AI detection software is not perfect. AI detection software can get things wrong: they are black box algorithms that cannot always provide reasoning to support their prediction. They can return false positives and negatives. They should be used responsibly - or perhaps not at all - for consequential decisions about scientific papers.

In that case, can we trust that an upwards trend in AI detection rates reflects an actual increase in AI usage? It might be that AI detection is useful for learning the statistics of AI-usage even if we do not fully trust the detectors on any particular input text. If so, we can consider two confounding reasons why the rate of AI-detection scientific preprints might increase over time:

Memorizing the training set: If pre-chatGPT arXiv were used as training data for AI detection software, this could give the illusion of a trend where there is none². This is best explained by an example: if 2022 has a 0% detection rate and 2026 has a 50% detection rate, we could either conclude: (i) the rate of AI-generated abstracts increased from 0% to 50%, or (ii) the AI detector outputs “human” if the abstract was labelled as “human” in the training data, and otherwise outputs a coinflip. We will soon see that this explanation is not consistent with observed trends.
AI detectors might be low-quality: Another possibility is that AI detection software is uniformly unreliable. However, if we observe a trend in increasing AI detection rates, then attributing this trend to unreliability would require AI detection to become systematically less reliable specifically for recently-created text. This seems unlikely.

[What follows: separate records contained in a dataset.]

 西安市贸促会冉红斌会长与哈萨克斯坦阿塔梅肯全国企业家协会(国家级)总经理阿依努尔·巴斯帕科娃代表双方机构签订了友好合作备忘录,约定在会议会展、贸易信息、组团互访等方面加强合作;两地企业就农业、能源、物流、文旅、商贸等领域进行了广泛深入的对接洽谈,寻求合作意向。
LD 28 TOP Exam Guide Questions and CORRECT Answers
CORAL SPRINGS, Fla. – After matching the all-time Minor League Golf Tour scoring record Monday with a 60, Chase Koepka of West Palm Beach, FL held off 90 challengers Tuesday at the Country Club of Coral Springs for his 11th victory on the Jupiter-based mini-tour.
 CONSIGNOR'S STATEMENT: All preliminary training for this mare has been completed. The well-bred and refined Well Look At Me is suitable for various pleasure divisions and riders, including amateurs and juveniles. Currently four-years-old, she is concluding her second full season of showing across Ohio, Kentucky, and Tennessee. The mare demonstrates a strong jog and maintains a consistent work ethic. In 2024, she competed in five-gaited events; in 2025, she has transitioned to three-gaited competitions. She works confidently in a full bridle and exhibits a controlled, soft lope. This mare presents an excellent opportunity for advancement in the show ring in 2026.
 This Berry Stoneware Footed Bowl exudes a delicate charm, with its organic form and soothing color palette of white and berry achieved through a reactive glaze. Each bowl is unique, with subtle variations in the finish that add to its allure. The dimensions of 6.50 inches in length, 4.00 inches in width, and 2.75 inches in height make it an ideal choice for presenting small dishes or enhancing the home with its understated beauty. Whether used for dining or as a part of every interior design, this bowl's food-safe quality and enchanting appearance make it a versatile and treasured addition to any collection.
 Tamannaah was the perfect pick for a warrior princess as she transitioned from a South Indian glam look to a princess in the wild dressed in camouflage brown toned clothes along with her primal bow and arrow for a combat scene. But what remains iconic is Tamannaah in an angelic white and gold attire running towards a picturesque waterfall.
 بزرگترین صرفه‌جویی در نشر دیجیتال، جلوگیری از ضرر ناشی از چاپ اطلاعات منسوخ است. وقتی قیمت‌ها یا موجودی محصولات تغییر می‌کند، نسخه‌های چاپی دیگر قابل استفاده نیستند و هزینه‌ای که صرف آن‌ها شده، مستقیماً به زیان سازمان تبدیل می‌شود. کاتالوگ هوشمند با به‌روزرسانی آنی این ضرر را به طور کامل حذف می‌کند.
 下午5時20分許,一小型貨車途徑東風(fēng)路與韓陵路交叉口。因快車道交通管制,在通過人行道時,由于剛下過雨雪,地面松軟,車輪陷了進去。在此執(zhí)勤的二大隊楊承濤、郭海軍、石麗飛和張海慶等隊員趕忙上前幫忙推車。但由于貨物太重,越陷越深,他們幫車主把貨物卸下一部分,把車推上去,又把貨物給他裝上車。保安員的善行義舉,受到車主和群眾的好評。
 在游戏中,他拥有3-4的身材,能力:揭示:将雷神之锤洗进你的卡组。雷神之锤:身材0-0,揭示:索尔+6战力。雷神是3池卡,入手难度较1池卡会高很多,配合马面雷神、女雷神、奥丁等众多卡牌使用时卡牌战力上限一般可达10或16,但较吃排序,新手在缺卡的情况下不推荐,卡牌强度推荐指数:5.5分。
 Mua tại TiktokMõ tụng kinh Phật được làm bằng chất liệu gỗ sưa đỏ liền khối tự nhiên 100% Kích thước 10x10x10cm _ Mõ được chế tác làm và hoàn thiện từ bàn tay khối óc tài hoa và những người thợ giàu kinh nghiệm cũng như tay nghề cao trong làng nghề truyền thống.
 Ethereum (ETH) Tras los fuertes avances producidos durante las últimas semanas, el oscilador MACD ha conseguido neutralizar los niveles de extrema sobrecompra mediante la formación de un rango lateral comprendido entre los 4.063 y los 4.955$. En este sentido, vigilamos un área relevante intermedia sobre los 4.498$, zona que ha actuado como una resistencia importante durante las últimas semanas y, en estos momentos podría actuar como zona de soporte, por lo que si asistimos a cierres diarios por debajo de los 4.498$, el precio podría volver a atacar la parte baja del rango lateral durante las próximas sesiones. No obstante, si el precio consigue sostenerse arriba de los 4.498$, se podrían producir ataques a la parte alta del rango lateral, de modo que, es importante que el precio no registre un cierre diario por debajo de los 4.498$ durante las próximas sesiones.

To summarize: If we see a gradual trend of increasing AI detection rates, this probably reflects an actual increase in AI usage over time.

All you zombies…

Below, we estimate the fraction of quant-ph abstracts detected as “100% AI-generated” by the popular AI-detector Pangram, from October 2022 (one month before ChatGPT) through April 2026.

Fraction of AI-generated abstracts (pangram)

Figure 1: Abstracts detected as AI-generated have increased gradually. Since there is no specific time after which the rate suddenly increases, we should not attribute differences in detection rate over time to memorization of training data. The fraction of abstracts is estimated by using Pangram's AI detector on ~20% of `quant-ph` abstracts from each month, except October 2022 and April 2026 for which ~99% of abstracts were analyzed. Error bars are 95% confidence intervals (Wilson).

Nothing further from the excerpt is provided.